Greater Influence of Density on the Electrical Properties of an Organic Semiconductor Glass Compared to Molecular Orientation

Abstract

Physical vapor deposition is widely used in the fabrication of organic light-emitting diodes and has the potential to adjust the density and orientation through substrate temperature control, which may lead to enhanced electrical performance. However, it is unclear whether this enhanced property is because of the horizontal molecular orientation or the increased density. The effects of the density and orientation on the electrical properties of a potential electron transport material, (3-dibenzo[c,h]acridin-7-yl)phenyl)diphenylphosphine oxide (TPPO-dibenzacridine), were investigated.

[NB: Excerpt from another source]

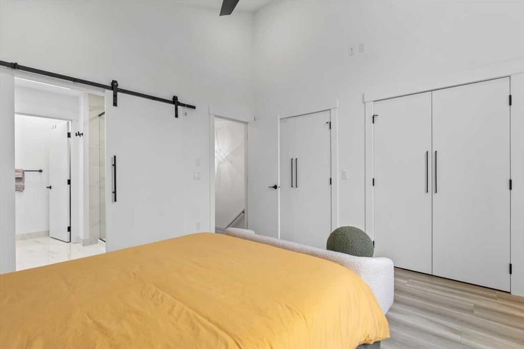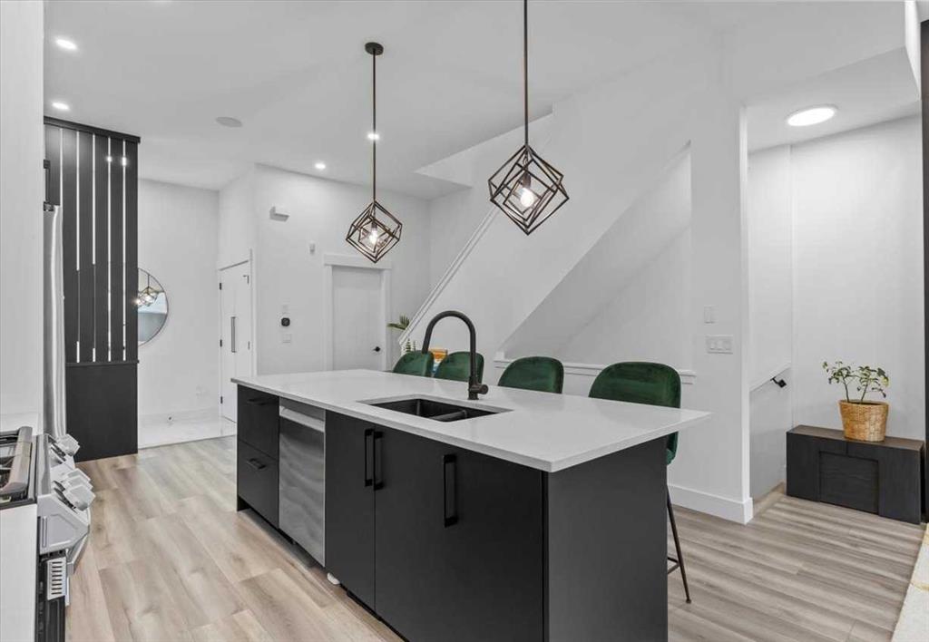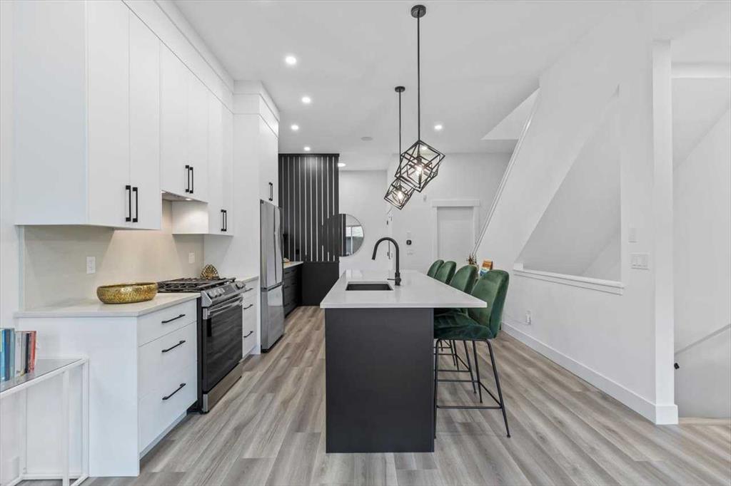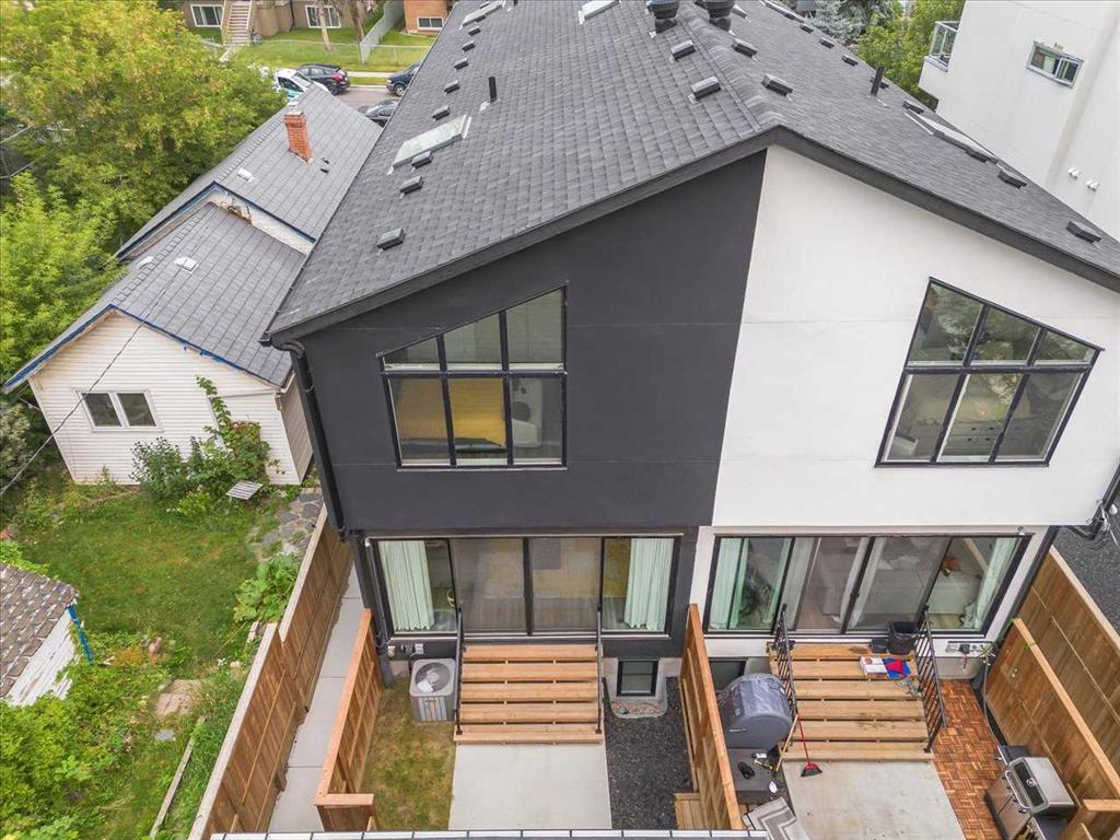 ---- Open house Sat. Nov. 29 from 1-3 pm -----Welcome to this Immaculate and thoughtfully designed town home in the heart of Marda Loop, over 1,700 sq ft of living space, just minutes away from downtown. Features superior party wall system between units. Main floor showcases 11 ft ceiling, open concept layout, vinyl plank flooring, designer built entry unit. The living room is spacious featuring a wall unit, sleek tile, and a Bluetooth enabled electric fireplace. The kitchen is equally impressive, boasting a large island with quartz counter top, ideal for entertaining, ample soft- close cabinetry, stainless steel appliances. The large south facing sliding door brings in rays of sunshine and light through out the day, tastefully covered with Hunter Douglas honeycomb shades and floor to ceiling blackout drapes for privacy professionally installed by Normandeau, overlookimg a fenced, cozy yard leading to a single detached garage.This floor is completed by a spacious guest half bath. Upstairs, the primary bedroom is a true retreat, with vaulted ceilings, double door his and hers closets, large windows with professionally installed electric blackout honeycomb shades. The barn door leads into a spa-like en-suite with heated flooring, double sink vanity, quartz counters, skylight, oversized tiled shower and dual shower heads. The second large bedroom also has it's own en-suite and skylight, plus manual honeycomb shades. The fully finished basement boasts a bright family/ flex room. A third spacious bedroom with a walk-in closet and a full bath. THIS HOME COMES WITH COUNTLESS UPGRADES- A/C, high efficiency furnace, humidifier, thankless hot water on demand, radon extraction sump pump, built-in speaker system, light dimmers in master bedroom, smart thermostat (ecobee), bathroom fan timers, kitchen and master bedroom lights can be manged through smartphone. This exceptional home offers the best of urban living in an ideal location. This is the one you have been waiting for. Book a showing today.
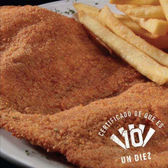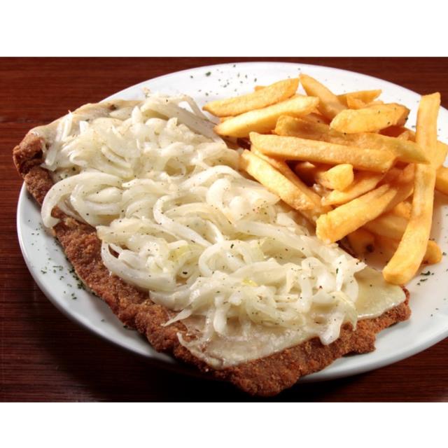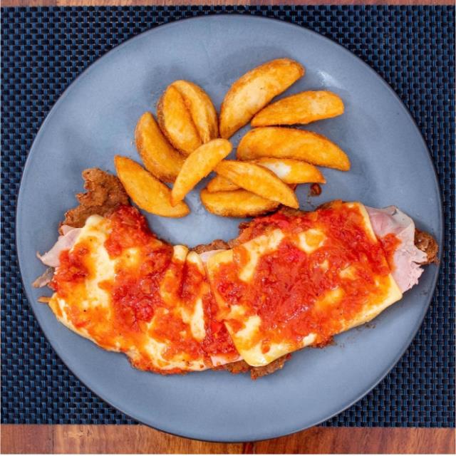 Milanesa de New York gratinada con queso Gouda, jamón y salsa tucco, acompañada de papas a la francesa, puré de papas o ensalada.

According to the gyration tensor analysis, TPPO-dibenzacridine resembled an oblate ellipsoid. Furthermore, these films exhibited the highest density when prepared at a substrate temperature of 87.5% of the glass transition temperature with an increase in density of approximately 1.5%. Variable angle spectroscopic ellipsometry measurements confirmed that the transition dipole moment direction of the dibenzacridine moiety, which is involved in the electrical properties, remained isotropic at this temperature. Although horizontal orientations are known to optimize their pi-pi overlap and improve the electrical properties, the lowest driving voltage was observed under these conditions, which led to the conclusion that the enhanced electrical properties of TPPO-dibenzacridine are greatly influenced by the increased density rather than by the molecular orientation.